++++ Input data

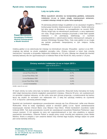 Rynek wina - komentarz miesięczny marzec 2015 Luty na rynku wina Mimo wysokich obrotów na londyńskiej giełdzie, notowania indeksów Liv-ex w lutym uległy nieznacznym zmianom, a ostatni miesiąc minął na rynku wina spokojnie. Paweł Morozowicz Zarządzający Portfelami Alkoholi Inwestycyjnych w Wealth Solutions W pierwszej połowie lutego na giełdzie Liv-ex zauważyć mogliśmy kontynuację trendów obserwowanych w styczniu. Nadal widoczny był silny popyt na Bordeaux, w szczególności na rocznik 2005. Obroty wciąż były na rekordowych poziomach, a ceny większości win rosły. Druga połowa miesiąca przyniosła z kolei lekki spadek indeksów i ich późniejszą stabilizację, co wynikało prawdopodobnie z zakończenia bardzo intensywnych zakupów w okresie Chińskiego Nowego Roku. Cały czas giełda Liv-ex mogła się jednak pochwalić niespotykaną w tym miejscu liczbą transakcji. Indeksy giełdy Liv-ex zakończyły ten miesiąc na minimalnym minusie. Wszystkie - oprócz Liv-ex 500 znajdują się jednak na plusie względem początku roku. Zmiany notowań w lutym były zresztą nieznaczne i wynosiły w przypadku większości indeksów ok. 0,5 proc. Miesiąc ten okazał się również bardziej łaskawy dla win zgormadzonych w indeksie Rest of the World 50, który wzrósł o 1,8 proc. Zmiany wartości indeksów Liv-ex w lutym 2015 r. (stan na 28.02.2015 r.) Nazwa indeksu Zmiana miesięczna Liv-ex Fine Wine 50 -0,7% Liv-ex Fine Wine 100 -0,4% Liv-ex Bordeaux 500 -0,6% Liv-ex Fine Wine 1000 -0,4% Liv-ex Investables -0,4% źródło: www.liv-ex.com W lutym obroty na rynku wina były na bardzo wysokim poziomie. Stosunek liczby transakcji do liczby ofert uległ nieznacznej zmianie względem poprzednich miesięcy. Obecnie 50 proc. win wystawionych na sprzedaż znajduje nabywcę, co dla rynku wina jest zdrową proporcją, a przekroczenie tej bariery łączy się zwykle ze wzrostem cen większości win. Z taką też sytuacją mieliśmy do czynienia m.in. w styczniu i pierwszej połowie lutego. Spośród win bordoskich największym powodzeniem cieszyły się Cos d’Estournel, Lafite oraz Mouton Rothschild. Wina te miały największy udział w obrotach giełdy Liv-ex. Spore zainteresowanie towarzyszyło również Cheval Blanc oraz Mission Haut Brion. Wśród bordoskich roczników nadal królował 2005. Tak duże powodzenie rocznik ten zawdzięczał oczywiście Robertowi Parkerowi i jego nowym ocenom. O ich wpływie na ceny win wyprodukowanych w tym roku pisaliśmy w naszym poprzednim komentarzu. Obecnie Parker w swojej pracy coraz mocniej jest wspierany przez Neala Martina. Warto w związku z tym uważnie śledzić noty również tego krytyka, którego wpływ na rynek jest coraz bardziej widoczny. Wealth Solutions S.A. ul. Chmielna 19, 00-021 Warszawa tel. 22/ 378 99 50, fax: 22/ 378 99 51 www.wealth.pl Strona | 1 Rynek wina - komentarz miesięczny marzec 2015 Luty był dobrym miesiącem dla win włoskich, które zgromadziły pod swoimi skrzydłami 6,3 proc. rynku. Szczególnym powodzeniem cieszyły się Argiano, Brunello Montalcino. Wśród win włoskich królował rocznik 2010, który odpowiadał aż za 25 proc. obrotów winem z Półwyspu Apenińskiego. Opisywana sytuacja znalazła swoje odzwierciedlanie w zestawieniu pięciu najszybciej drożejących win w lutym. W rankingu tym znalazły się bowiem wina toskańskie oraz te pochodzące z Pauliac. Ciekawską jest również obecność rzadko spotykanego w tym w tym gronie Porto. Strona | 2 Pięć najszybciej drożejących win na giełdzie Liv-ex w lutym 2015 r. Wino Rocznik Średnia cena w lutym 2015 r. (GBP)* Grand Puy Lacoste 2005 724 11,4% Masseto 2009 3 720 11,2% Taylor 2011 545 9,0% Tignanello 2011 489 7,2% Lynch Bages 2012 568 6,4% źródło: www.liv-ex.com Wzrost ceny *za 12-butelkową skrzynkę Dolar i wino Wpływ na rynek wina ma i w najbliższym czasie mieć będzie umacniający się dolar. Oczywiście wzrost wartości amerykańskiej waluty oznacza większą aktywność kupujących z rynków azjatyckich oraz z Stanów Zjednoczonych. Wino po przeliczeniu jego ceny na dolary jest obecnie tańsze niż rok, czy nawet kilka miesięcy temu. Taka sytuacja zachęca nabywców, którzy na co dzień operują amerykańską walutą, do większych zakupów. Mocny dolar w najbliższym roku powinien mieć w związku z tym pozytywny wpływ na rynek wina i będzie się z pewnością przekładał na wyższe obroty. Pavie 2012 Z ciekawych informacji z ostatniego miesiąca warto wspomnieć, że Chateau Pavie postanowiło wypuścić na rynek rocznik 2012 w czarnych butelkach, ozdobionych srebrnymi literami. W ten sposób świętować będzie pojawienie się pierwszego rocznika Pavie w Grand Cru Classe „A” klasyfikacji dla Saint-Emilion. W 2012 r. razem z Pavie zaszczytu zmiany miejsca w klasyfikacji doświadczył również Angelus. Fakt ten oczywiście odbił się na wycenach obu win. Wiadomość o zmianie opakowania również zaowocowała zwiększonym popytem na Pavie i wzrostem jego ceny. Nowy rocznik po ogłoszeniu tej informacji zdrożał u negocjantów z 180 do 250 funtów za butelkę. Parker i en primeur Ostatni miesiąc obfitował w wiele informacji prasowych oraz spekulacji dotyczących zbliżającej się kampanii. Rocznik 2014 jest wstępnie uznawany za pierwszy, ogólnie dobry rocznik dla całego Bordeaux od 2010 roku. Rynek dodatkowo rozgrzała informacja o wycofaniu się Roberta Parkera z oceny win w kampanii en primeur. W imieniu stworzonego przez Parkera The Wine Advocate, próbami beczkowymi ma się od tego roku zajmować Neal Martin. Oznajmiając tę zmianę, Parker stwierdził, że nie zaprzestanie oceny roczników starszych i zamierza wystawić pierwsze noty dla debiutującego rocznika 2012 oraz niedocenionego przez krytyka dekadę temu rocznika 2005. Komunikat ten ma na celu wywarcie presji na producentach, by wrócili do racjonalnego poziomu wyceny dla win sprzedawanych w beczkach. Czy odniesie on zamierzony efekt? To poka
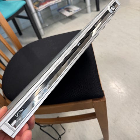 Denver, DVD-spiller, DVD player, CD-spiller, MP3 player, SCART, Retro, Vintage electronics, Home cinema, Media player, Silver DVD player, Hjemmekino, Analog video, S-Video, Coaxial audio, 2000s tech, Elektronikk, Denver DVD-142, Gjenbruk, Billig DVD
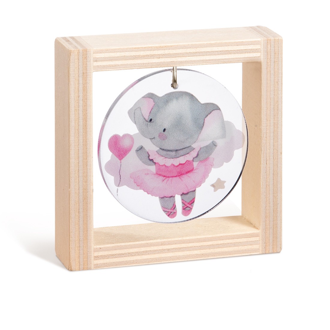 Ξύλινο τετράγωνο καδράκι με στρογγυλή print παράσταση από plexiglass σε διάφανο χρώμα. Η παράσταση απεικονίζει την ελεφαντίνα μπαλαρίνα σε ροζ αποχρώσεις.
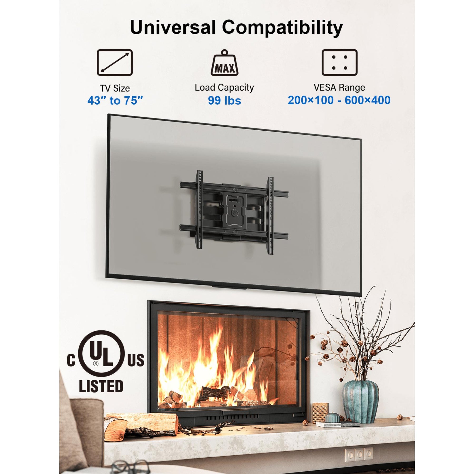 • Universal Compatibility: Fits most TVs 43" to 75" with VESA pattern from 200 x 100mm to 600 x 400mm weighing up to 99 lbs.
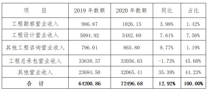2020年全國工程勘察設(shè)計(jì)行業(yè)營業(yè)收入合計(jì)72 496.68億元(其中境外營業(yè)收入1 728.08億元),比2019年增長12.92%。其中:工程勘察營業(yè)收入1 026.15億元(其中境外收入9.75億元),占全行業(yè)收入(下同)1.42%,比2019年增加3.98%;工程設(shè)計(jì)營業(yè)收入5 482.69億元(其中境外營業(yè)收入73.26億元),占7.56%,比2019年增長7.61%;其他工程咨詢營業(yè)收入865.80億元(其中境外營業(yè)收入7.75億元),占1.19%,比2019年增長8.77%;工程總承包營業(yè)收入33 056.63億元(其中境外營業(yè)收入1 454.48億元),占45.60%,比2019年降低1.73%;其他營業(yè)收入32 065.41億元,占44.23%,比2019年增長35.39%(自2017年起,住建部統(tǒng)計(jì)年報(bào)中不再列示工程施工營業(yè)收入、其他營業(yè)收入。為了保持?jǐn)?shù)據(jù)的完整性,本報(bào)告采用“其他營業(yè)收入=營業(yè)收入-勘察-設(shè)計(jì)-咨詢-總承包”予以處理)。

++++++++

Copy nothing outside the span: please output the lines from the one with "up to 99 lbs." through the end of the entries above, and skip the pictures.

* [Reply to the exercise]:
 • Universal Compatibility: Fits most TVs 43" to 75" with VESA pattern from 200 x 100mm to 600 x 400mm weighing up to 99 lbs.
2020年全國工程勘察設(shè)計(jì)行業(yè)營業(yè)收入合計(jì)72 496.68億元(其中境外營業(yè)收入1 728.08億元),比2019年增長12.92%。其中:工程勘察營業(yè)收入1 026.15億元(其中境外收入9.75億元),占全行業(yè)收入(下同)1.42%,比2019年增加3.98%;工程設(shè)計(jì)營業(yè)收入5 482.69億元(其中境外營業(yè)收入73.26億元),占7.56%,比2019年增長7.61%;其他工程咨詢營業(yè)收入865.80億元(其中境外營業(yè)收入7.75億元),占1.19%,比2019年增長8.77%;工程總承包營業(yè)收入33 056.63億元(其中境外營業(yè)收入1 454.48億元),占45.60%,比2019年降低1.73%;其他營業(yè)收入32 065.41億元,占44.23%,比2019年增長35.39%(自2017年起,住建部統(tǒng)計(jì)年報(bào)中不再列示工程施工營業(yè)收入、其他營業(yè)收入。為了保持?jǐn)?shù)據(jù)的完整性,本報(bào)告采用“其他營業(yè)收入=營業(yè)收入-勘察-設(shè)計(jì)-咨詢-總承包”予以處理)。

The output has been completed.